# Working data:
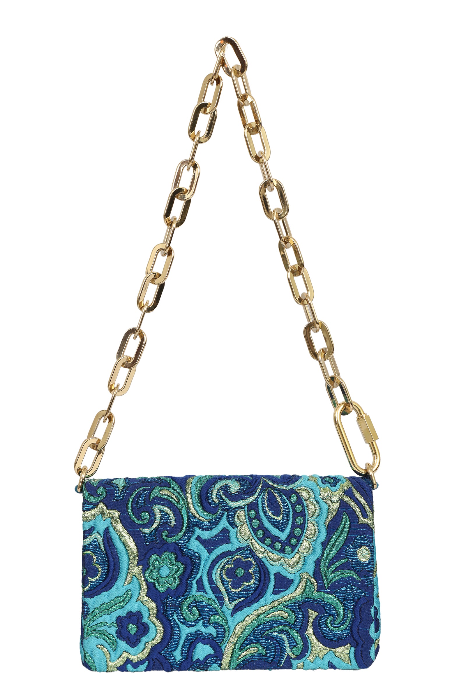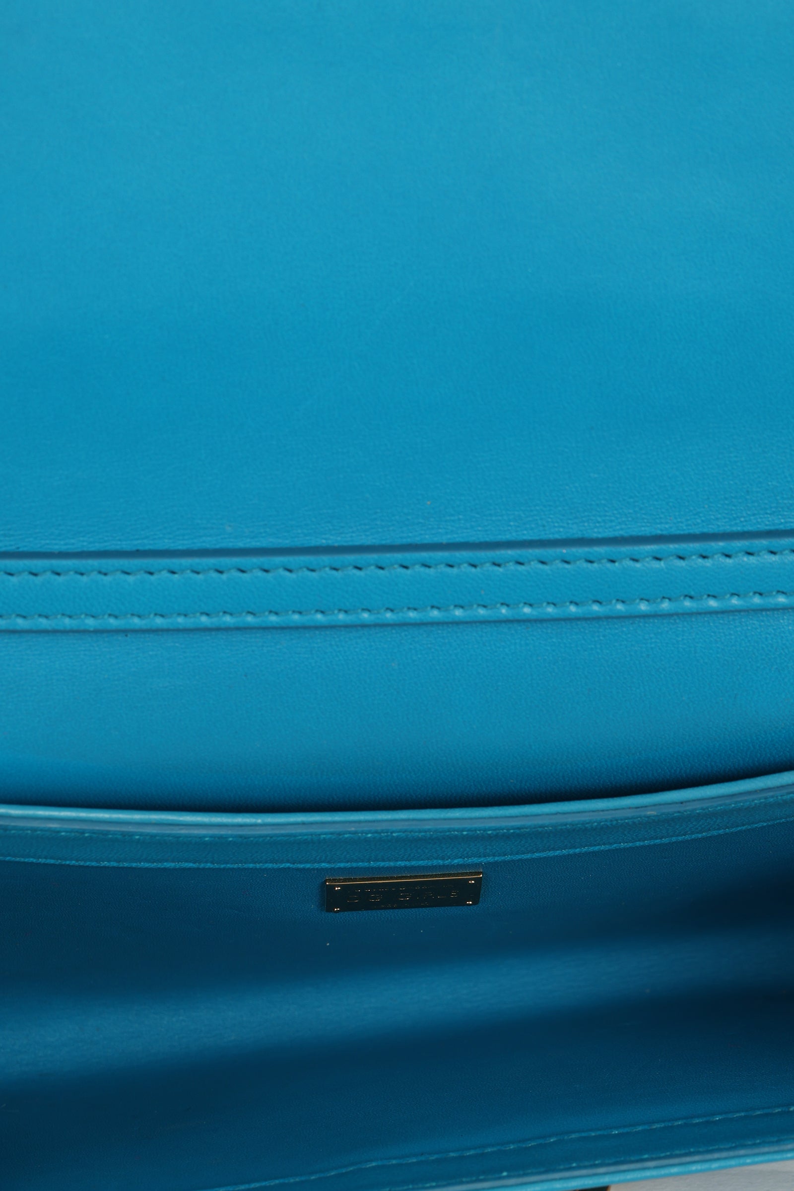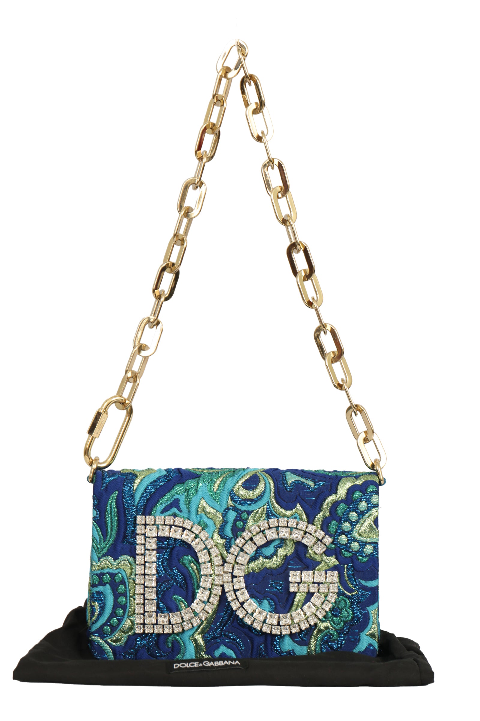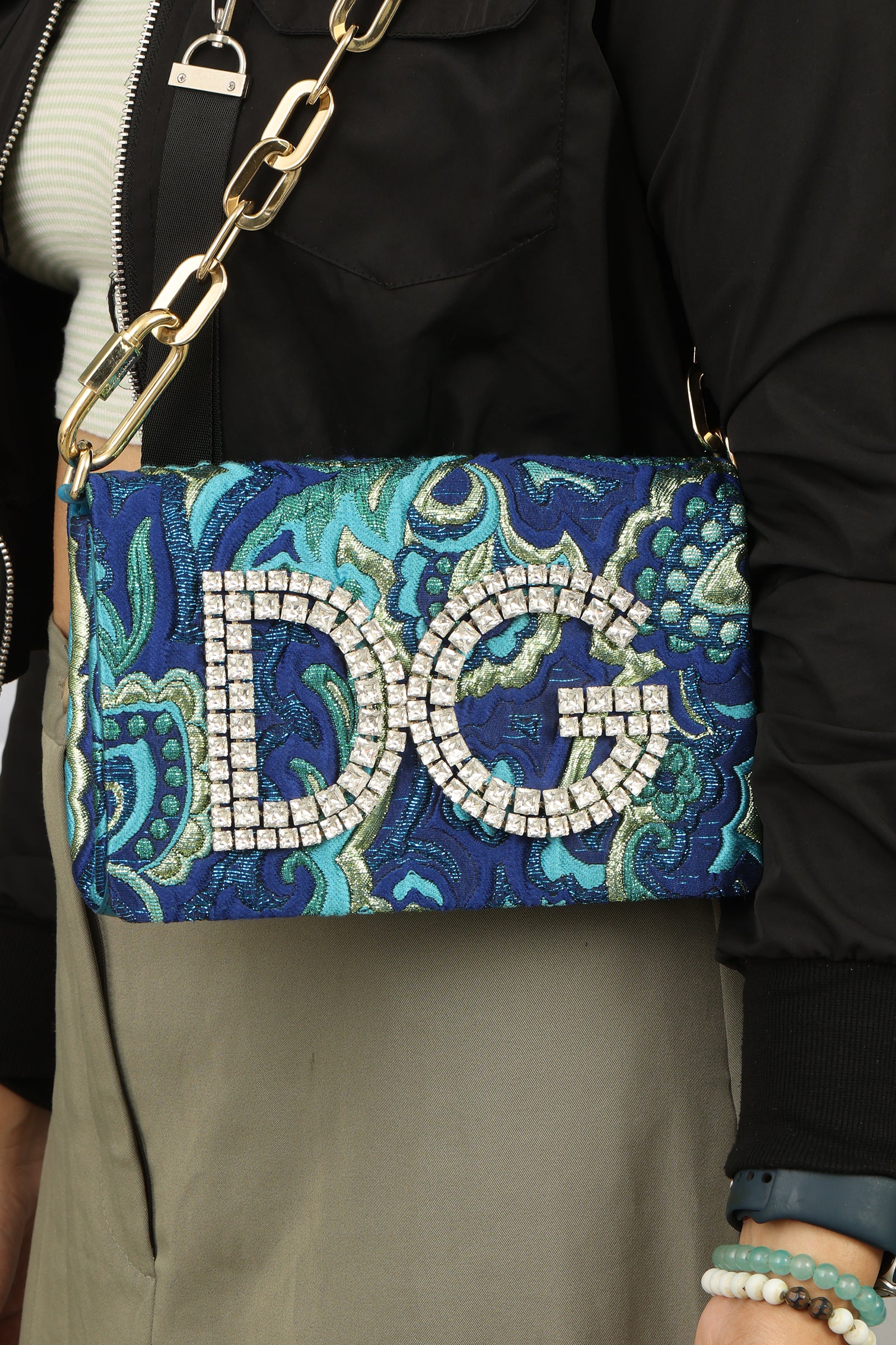 The Dolce and Gabbana Blue Brocade Crystal Embellished Bag comes in a stunning blue color.It falls under our Never Been Used condition category. No visible wear, tear, or fading can be seen.
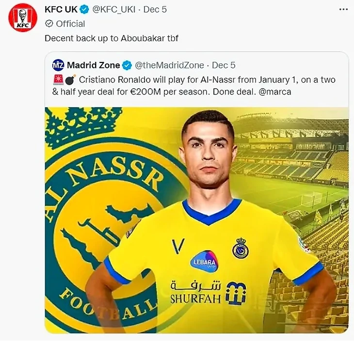 Главной звездой клуба из Саудовской Аравии сейчас является Венсан Абубакар, поэтому в KFC решили протроллить Криштиану, написав в Twitter:
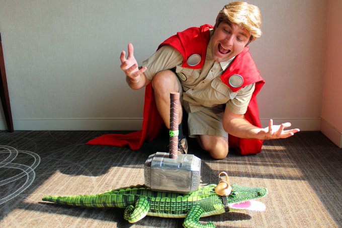 If Aligator Loki exists, that implies the existence of Steve Thorwin. *Australian Accent* "This is my brother Loki, no worries, he's adopted and he's a little grumpy this morning!" Cosplay by Slinus27 Cosplay #cosplay #lctc2021 #lexingtoncomiccon
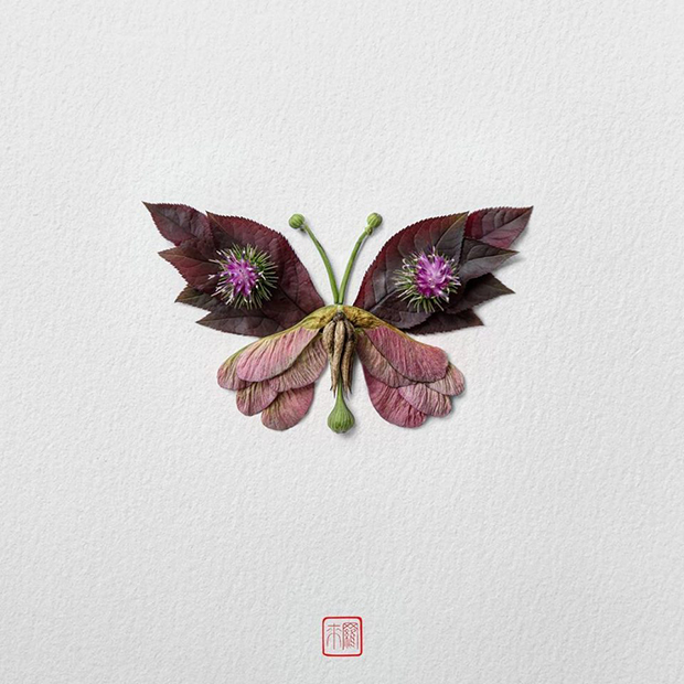 Depois dessa primeira leva, ele continuou a criar outros arranjos, variando na escolha do material ou dos tons usados. Ao criar outras borboletas e moscas, por exemplo, o artista usou apenas folhas sazonais e escolheu as pétalas em tons pastel, com as quais combinou algumas folhagens verdes e em alguns casos, cascas marrons que dão um tom especial para imitar aspectos físicos de alguns insetos.
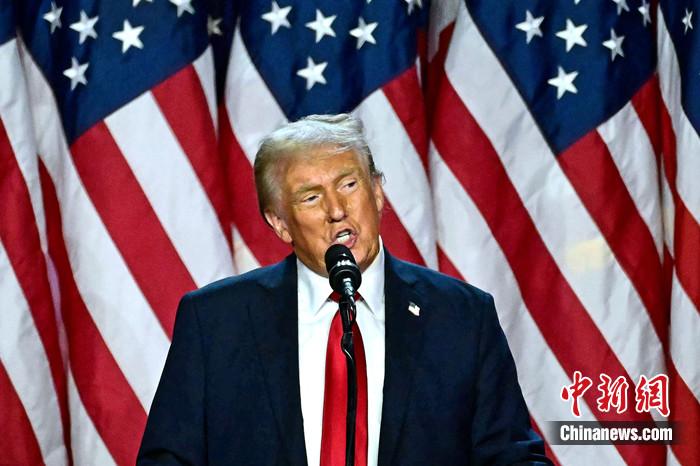 当地时间2024年11月6日凌晨,特朗普在佛罗里达州棕榈滩会议中心发表讲话。
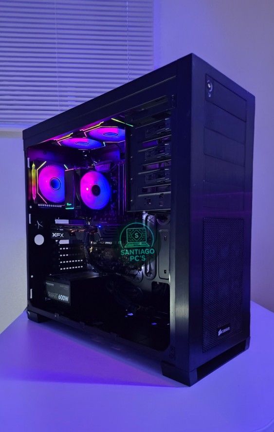 Smooth 1080p Performance • RGB Setup • Fast Boot SPECS ⚙ CPU: Intel Core i5-8500 (6 cores, up to 4.1GHz) ⚙ GPU: AMD Radeon RX 580 8GB GDDR5 ⚙ RAM: 16GB DDR4 3200MHz Dual Channel ⚙ Storage: 250GB SSD — fast load times ⚙ Motherboard: MSI Z370-A PRO ⚙ PSU: Thermaltake 600W 80+ Gold ⚙ Case: Corsair 650D with RGB lighting ⚙ Cooling: 4 RGB fans + 1 front 200mm intake 🎮 Gaming Performance (1080p) Fortnite: 120+ FPS Warzone: 70–100 FPS GTA V: 100+ FPS Valorant: 200+ FPS Apex / R6 / Forza / etc → runs great Perfect for competitive or casual gaming. What you get: ✔ Windows 11 installed & updated ✔ Clean and optimized system ✔ RGB gaming build, looks amazing ✔ Plug in and play — no setup needed 📩 Message me if interested. You can test it before buying.

# Work required:
Set down exactly the lines above, from the line containing "Главной звездой клуба" through the line containing "If Aligator Loki". Skip the pictures.

# Answer below:
 Главной звездой клуба из Саудовской Аравии сейчас является Венсан Абубакар, поэтому в KFC решили протроллить Криштиану, написав в Twitter:
 If Aligator Loki exists, that implies the existence of Steve Thorwin. *Australian Accent* "This is my brother Loki, no worries, he's adopted and he's a little grumpy this morning!" Cosplay by Slinus27 Cosplay #cosplay #lctc2021 #lexingtoncomiccon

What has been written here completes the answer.